If the answer is no — or if the answer is that the data exists in fragmented form across multiple teams without a clear audit trail — then your SaMD compliance posture is a policy posture, not an operational one. The exposure is not in what you filed. The exposure is in the gap between what you filed and what you built.
The same question applies to health systems deploying vendor AI SaMD. Your vendor's regulatory clearance does not transfer their post-market obligations to you. As a deployer, you bear obligations for how you deploy, configure, and monitor the AI system within your clinical environment. Those obligations require governance infrastructure on your side of the relationship, including contractual clarity about which monitoring obligations the vendor fulfills and which you must maintain independently.
Key Takeaways
FDA SaMD classification is a governance determination, not only a legal one. Clinical, product, and operations teams must jointly assess how AI systems are actually used. Classification must be revisited at product change events, not treated as permanently settled.
The Predetermined Change Control Plan is a governance architecture document. Its Software Performance Specifications define the performance bounds the AI system must maintain; its Performance Assessment Plan defines the monitoring, reporting, and change authority infrastructure required to keep it there. Both must be operational before the PCCP is submitted.
Post-market surveillance for SaMD is a legal obligation, not an industry best practice. Organizations with no continuous monitoring infrastructure have an open compliance gap regardless of their clearance status.
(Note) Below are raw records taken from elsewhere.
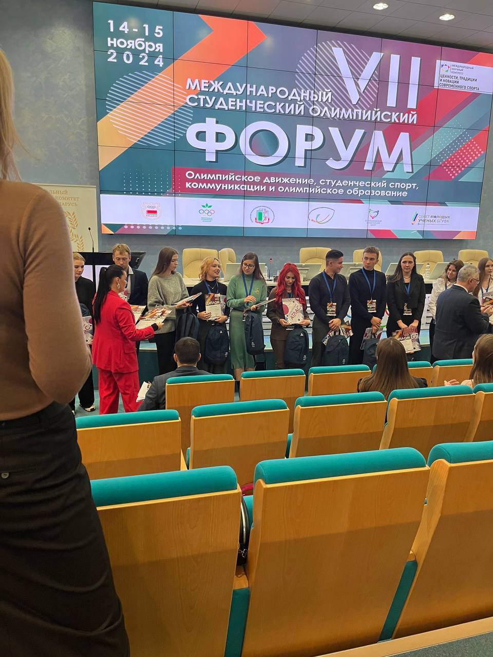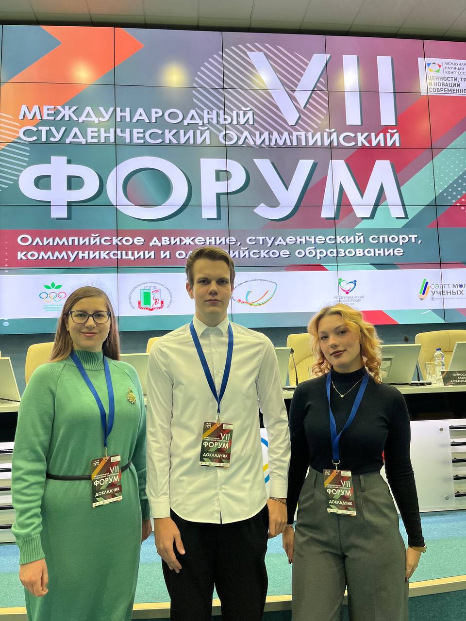 14 ноября 2024 г. на VII МЕЖДУНАРОДНОМ СТУДЕНЧЕСКОМ ОЛИМПИЙСКОМ ФОРУМЕ «ОЛИМПИЙСКОЕ ДВИЖЕНИЕ, СТУДЕНЧЕСКИЙ СПОРТ, КОММУНИКАЦИИ И ОЛИМПИЙСКОЕ ОБРАЗОВАНИЕ» студенты под руководством ППС кафедры представили два проекта: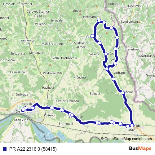 Ormož. PR A22 2316 0 (58415) (PR A22 2316 0 (58415)) is operational during on weekdays.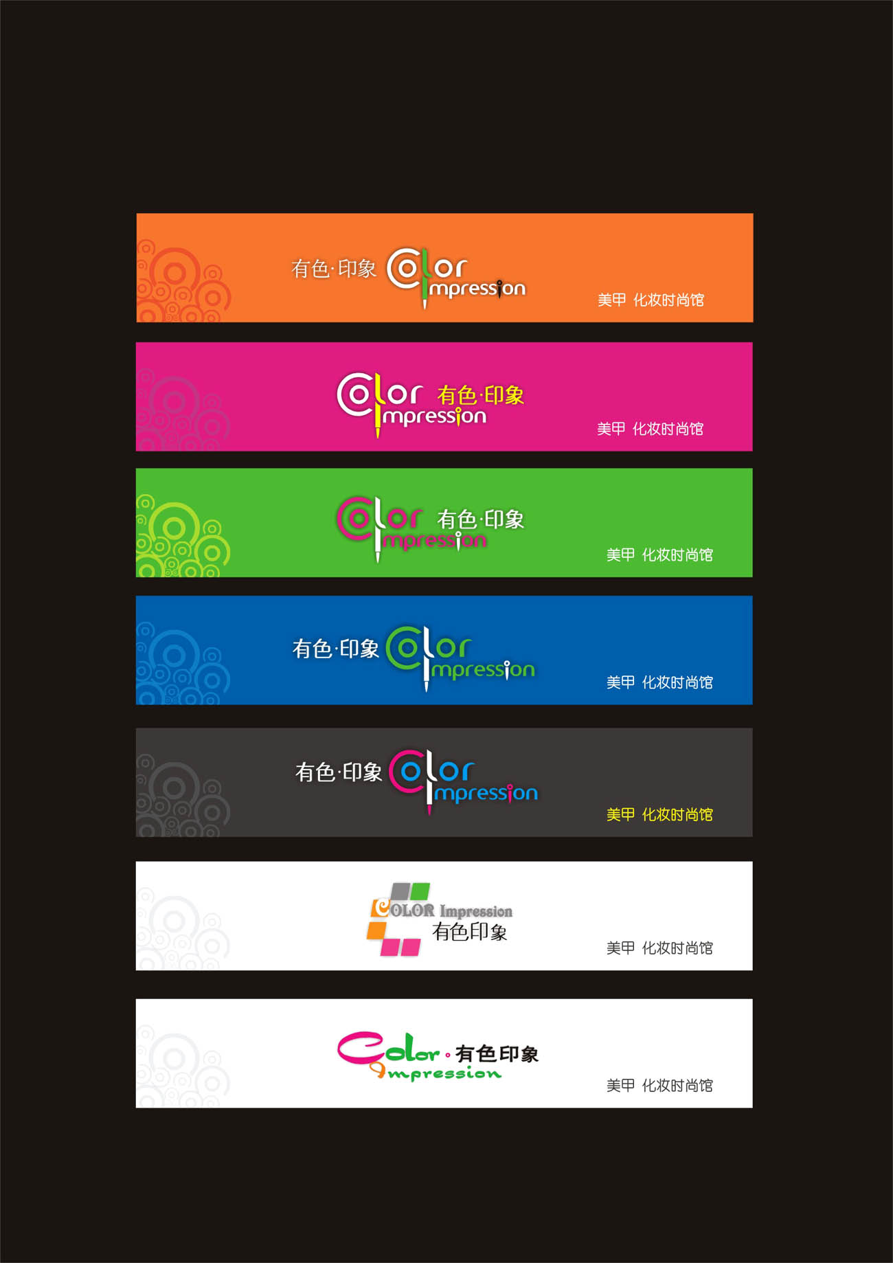 最后几张不错,“有色印象”的平面效果好,可起初以为是楼盘LOGO,如果是美甲的话就需要华贵的女人味了。

FDA's post-market surveillance requirements and the NIST AI RMF MEASURE function address the same operational space. Monitoring infrastructure can be designed to satisfy both, along with EU AI Act Article 72 requirements, simultaneously.
The governance question FDA will ask is operational, not documentary. The exposure is in the gap between what documentation says and what the organization has actually built.
Health systems deploying vendor AI SaMD bear their own post-deployment obligations. The vendor's clearance does not transfer their monitoring responsibilities. Governance infrastructure is required on both sides of the relationship.